17- Par dernières conclusions remises par voie électronique le 6 février 2025, le Fonds commun de titrisation Absus demande en substance à la cour, au visa des articles 122, 328 et suivants, 544, 545 et 580 du Code de procédure civile et 1103, 1104, 1182, 1353 et 1355 du Code civil, de :
— Recevoir l’intervention volontaire du Fonds commun de titrisation Absus venant aux droits de la société MCS et associés,
— Ordonner que le Fonds commun de titrisation Absus, ayant pour société de gestion, la société IQ EQ Management, et représenté par son entité en charge du recouvrement, la société MCS TM, soit recevable et bien fondé en ses demandes,
— Déclarer irrecevable, compte tenu de l’autorité de la chose jugée, la demande de sursis à statuer présentée par la SCI du Mas Frère,
— Déclarer irrecevable, compte tenu de l’autorité de la chose jugée, la fin de non-recevoir tirée du défaut d’intérêt à agir, soulevée par la SCI du Mas Frère,
— Déclarer irrecevable compte tenu de l’autorité de la chose jugée et du principe de concentration des moyens la contestation au fond consistant à dire qu’il y aurait eu un trop perçu et tendant à solliciter une compensation,
— Dire prescrite la demande de restitution présentée par la SCI du Mas Frère,
— Débouter la SCI du Mas Frère de l’ensemble de ses prétentions,
— Confirmer, en toutes ses dispositions, le jugement du 11 mai 2023,
Y ajoutant,
— Ordonner que les condamnations prononcées par le tribunal judiciaire de Perpignan à l’encontre de la SCI du Mas Frère profiteront au Fonds commun de titrisation Absus,
— Condamner la SCI du Mas Frère à payer au Fonds commun de titrisation Absus la somme de 3 000 ' sur le fondement de l’article 700 du Code de procédure civile,
— Condamner en outre la SCI du Mas Frère aux entiers dépens.
18- Vu l’ordonnance de clôture en date du 12 février 2025.

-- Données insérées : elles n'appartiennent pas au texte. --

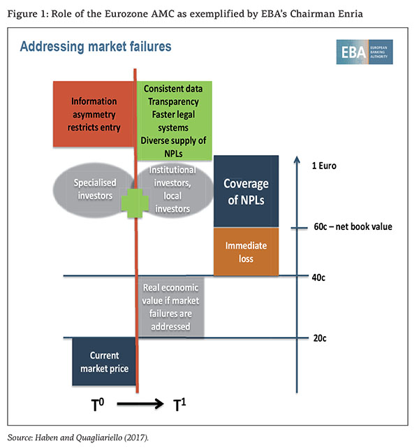 On 30 January 2017, Andrea Enria, EBA’s chairman, called on Brussels policymakers to create a European AMC (we will call it Eurozone AMC, EZ-AMC) to buy billions of euros of toxic loans from lenders in order to break the vicious circle of falling profits, squeezed lending and weak economic growth (see also Haben and Quagliariello, 2017).13)See also the arguments put forth by Beck (2017). Enria noticed that the scale of the region’s bad debt problem has become urgent and actionable as lenders now hold more than €1tn of toxic loans. He proposes that the EU should create a taxpayer-backed fund to buy bad loans from struggling lenders at their ‘real economic value’ – a level to be determined by the fund after doing due diligence on the loans. This would have the double benefit of increasing transparency around the true value of the vast piles of NPLs clogging up the balance sheets of many banks in the region and increase the size of the nascent market for such assets. The European Central Bank has also suggested that the creation of well-designed AMCs should be carefully considered as part of plans to shore up the Eurozone’s financial stability.

Pour un plus ample exposé des éléments de la cause, moyens et prétentions des parties, il est fait renvoi aux écritures susvisées, conformément à l’article 455 du code de procédure civile.
MOTIFS
19- S’agissant de la fin de non recevoir opposée par la SCI à l’action de la banque qui serait dépourvue du droit d’agir à son encontre, il convient de constater que par jugement définitif du 22 septembre 2020, il a été statué sur la fin de non recevoir tirée du défaut de qualité et d’intérêt de la SCI à défendre à l’action et qu’à cette occasion, il a été determiné que les ouvertures de compte courant professionnel ont toutes deux été signées par M. [F] [M], gérant de la SCI, de telle sorte que la banque a été déclarée recevable en son action et dispose donc de manière définitive d’un intérêt à agir en paiement du solde débiteur du compte courant professionnel, l’autorité de la chose jugée attachée au jugement du 22 septembre 2020 empêchant le réexamen de la situation sous l’aspect de l’intérêt à agir. Le jugement sera confirmé de ce chef.

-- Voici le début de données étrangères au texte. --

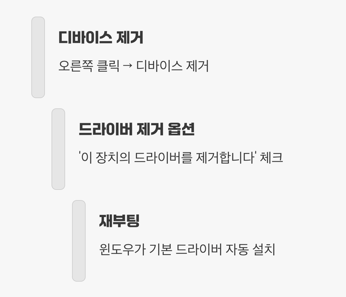 장치 관리자에서 문제가 되는 장치를 마우스 오른쪽 버튼으로 클릭한 뒤 ‘디바이스 제거’를 선택하세요. ‘이 장치의 드라이버를 제거합니다’ 옵션이 보인다면 체크하고 제거합니다. 그 후 컴퓨터를 재부팅하면, 윈도우는 통역사가 없어진 장치를 새로 발견하고, 가장 기본적인 드라이버를 자동으로 다시 설치해 줍니다. 이 과정은 꼬여있던 많은 충돌 문제를 해결해 주는 강력한 방법입니다.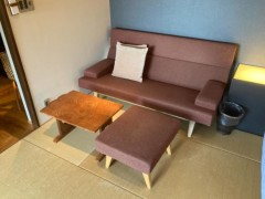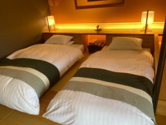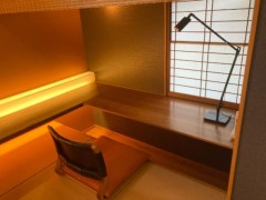 和室だけど寝る時はベッドだからラクです。そしてベッドの横には和風のデスクコーナーもありました。

20- S’agissant de la demande de sursis à statuer présentée par la SCI dans l’attente de l’arrêt à intervenir de la Cour de cassation sur la requête en rabat partiel de l’arrêt du 3 octobre 2024, dont il est indiqué qu’elle est audiencée devant la 2ème chambre civile le 12 février 2025, la banque s’oppose à sa recevabilité en soulevant la fin de non-recevoir tirée de l’autorité de la chose jugée attachée à l’ordonnance du juge de la mise en état du 14 septembre 2022 qui a d’ores et déjà rejetée une demande de sursis à statuer.
21- Toutefois, selon l’article 794 du code de procédure civile,
« Les ordonnances du juge de la mise en état n’ont pas, au principal, l’autorité de la chose jugée à l’exception de celles statuant sur les exceptions de procédure, sur les fins de non-recevoir et sur les incidents mettant fin à l’instance. »
L’ordonnance du juge de la mise en état du 14 septembre 2022 n’entrant pas dans les exceptions prévues au principe de l’absence d’autorité de la chose jugée, la demande présentée devant la cour est recevable.
22- S’agissant de son bien fondé, il nécessite d’examiner préalablement la recevabilité et le bien fondé de la demande de condamnation de la banque au paiement d’un trop perçu de 273107,24' et de compensation.
La SCI fait valoir qu’elle a vendu plusieurs parcelles pour une somme de 881760' dont le produit a été versé à la banque, qui s’en défend, alors pourtant tel qu’il ressort de la comptabilité du notaire qu’elle a été payée de la somme globale de 880450'. Considérant que la dette seule exigible envers la banque s’élevait au 10 décembre 2016 à la somme de 588552,32', elle en déduit un trop versé de 293207,68' qui doit venir en compensation du solde débiteur du compte courant professionnel poursuivi dans la présente instance pour 20100,44' de sorte que la banque serait débitrice à son égard de la somme de 273107,24'.
23- Toutefois, si cette demande est identique à celle présentée devant le juge de l’exécution donnant lieu à décision du 12 mars 2021 confirmée par arrêt de cette cour du 13 janvier 2022, il n’en demeure pas moins que la Cour de cassation est saisie d’une requête en rabat de l’arrêt du 13 janvier 2022 de nature à remettre en cause l’autorité de chose jugée attachée à cette dernière décision.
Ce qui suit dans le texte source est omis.